-------- Available data

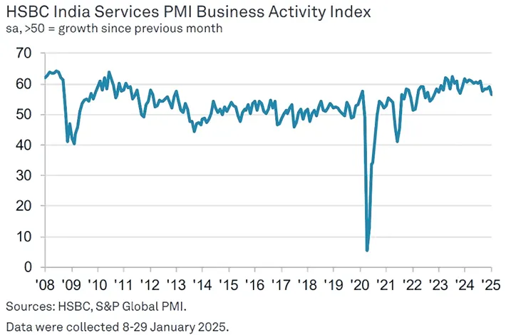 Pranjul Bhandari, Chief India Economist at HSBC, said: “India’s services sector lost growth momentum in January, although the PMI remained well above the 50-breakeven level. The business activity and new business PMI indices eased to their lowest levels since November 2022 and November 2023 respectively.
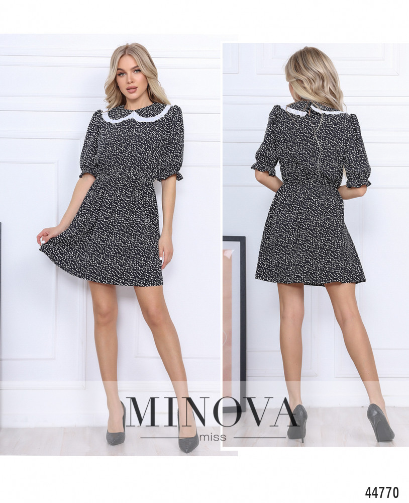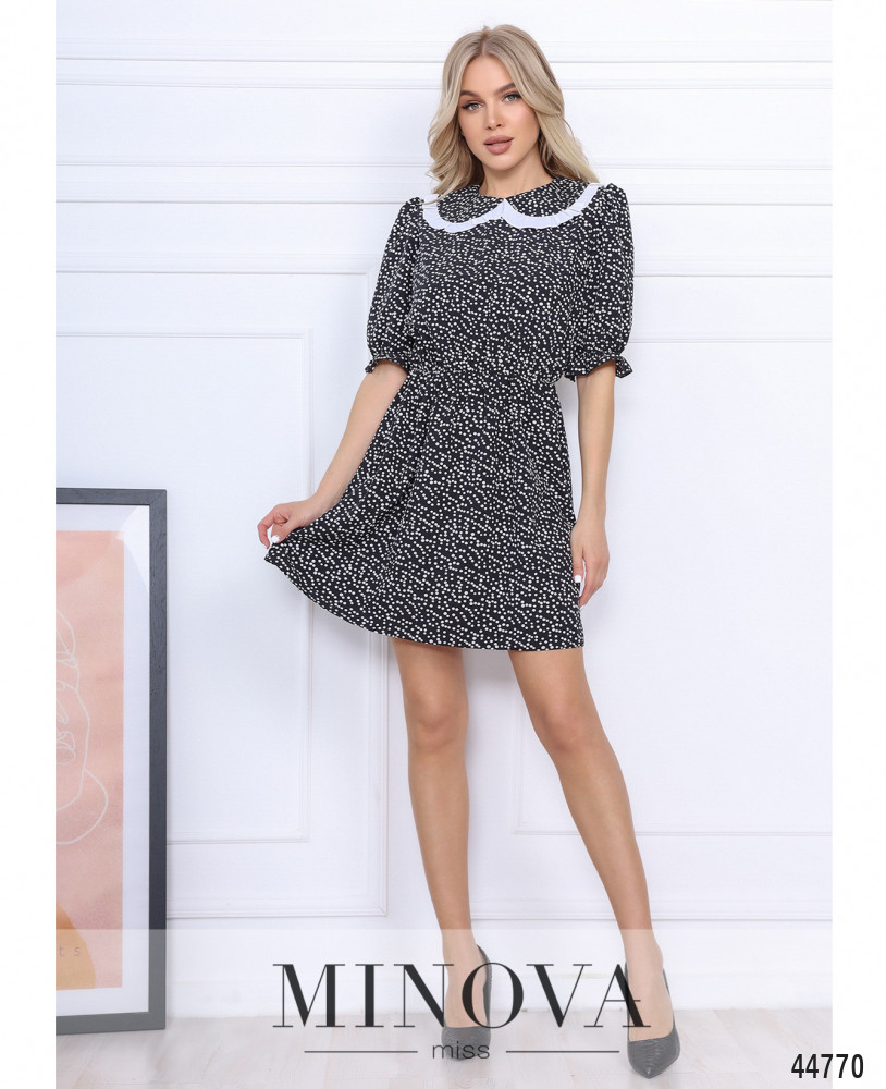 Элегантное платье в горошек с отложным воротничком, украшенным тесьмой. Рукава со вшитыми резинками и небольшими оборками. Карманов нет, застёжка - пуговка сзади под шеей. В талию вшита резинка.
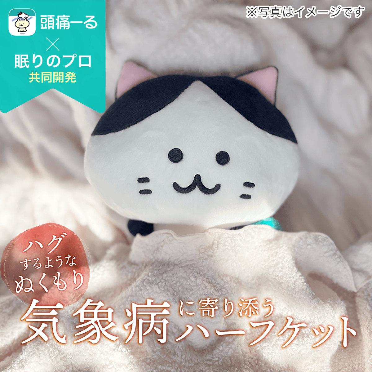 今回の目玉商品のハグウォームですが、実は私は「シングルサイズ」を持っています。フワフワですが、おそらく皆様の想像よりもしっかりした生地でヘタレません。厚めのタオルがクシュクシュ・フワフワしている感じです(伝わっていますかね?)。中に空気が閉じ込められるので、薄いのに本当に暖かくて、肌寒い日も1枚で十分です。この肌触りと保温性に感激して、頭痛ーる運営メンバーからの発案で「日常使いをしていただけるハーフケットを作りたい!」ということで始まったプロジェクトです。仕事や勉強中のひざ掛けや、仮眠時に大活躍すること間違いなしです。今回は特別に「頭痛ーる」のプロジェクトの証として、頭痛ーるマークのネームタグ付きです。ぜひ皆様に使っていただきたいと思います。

----------------
-------- Available data

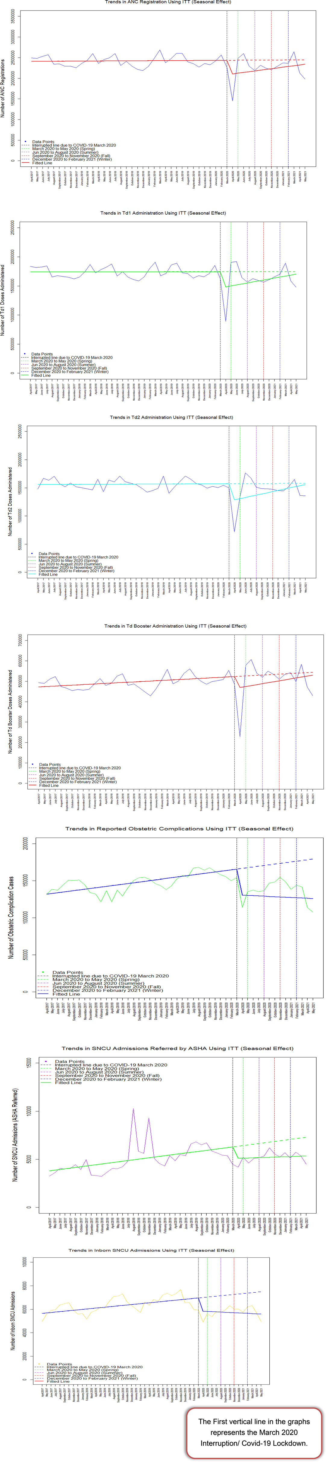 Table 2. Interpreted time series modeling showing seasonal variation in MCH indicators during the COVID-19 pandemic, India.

----------------

» Work request: What belongs in the answer is each line above from the line with "Pranjul Bhandari, Chief" to the line with "今回の目玉商品のハグウォーム", inclusive, reproduced exactly and free of pictures.

» Solution for this task:
 Pranjul Bhandari, Chief India Economist at HSBC, said: “India’s services sector lost growth momentum in January, although the PMI remained well above the 50-breakeven level. The business activity and new business PMI indices eased to their lowest levels since November 2022 and November 2023 respectively.
 Элегантное платье в горошек с отложным воротничком, украшенным тесьмой. Рукава со вшитыми резинками и небольшими оборками. Карманов нет, застёжка - пуговка сзади под шеей. В талию вшита резинка.
 今回の目玉商品のハグウォームですが、実は私は「シングルサイズ」を持っています。フワフワですが、おそらく皆様の想像よりもしっかりした生地でヘタレません。厚めのタオルがクシュクシュ・フワフワしている感じです(伝わっていますかね?)。中に空気が閉じ込められるので、薄いのに本当に暖かくて、肌寒い日も1枚で十分です。この肌触りと保温性に感激して、頭痛ーる運営メンバーからの発案で「日常使いをしていただけるハーフケットを作りたい!」ということで始まったプロジェクトです。仕事や勉強中のひざ掛けや、仮眠時に大活躍すること間違いなしです。今回は特別に「頭痛ーる」のプロジェクトの証として、頭痛ーるマークのネームタグ付きです。ぜひ皆様に使っていただきたいと思います。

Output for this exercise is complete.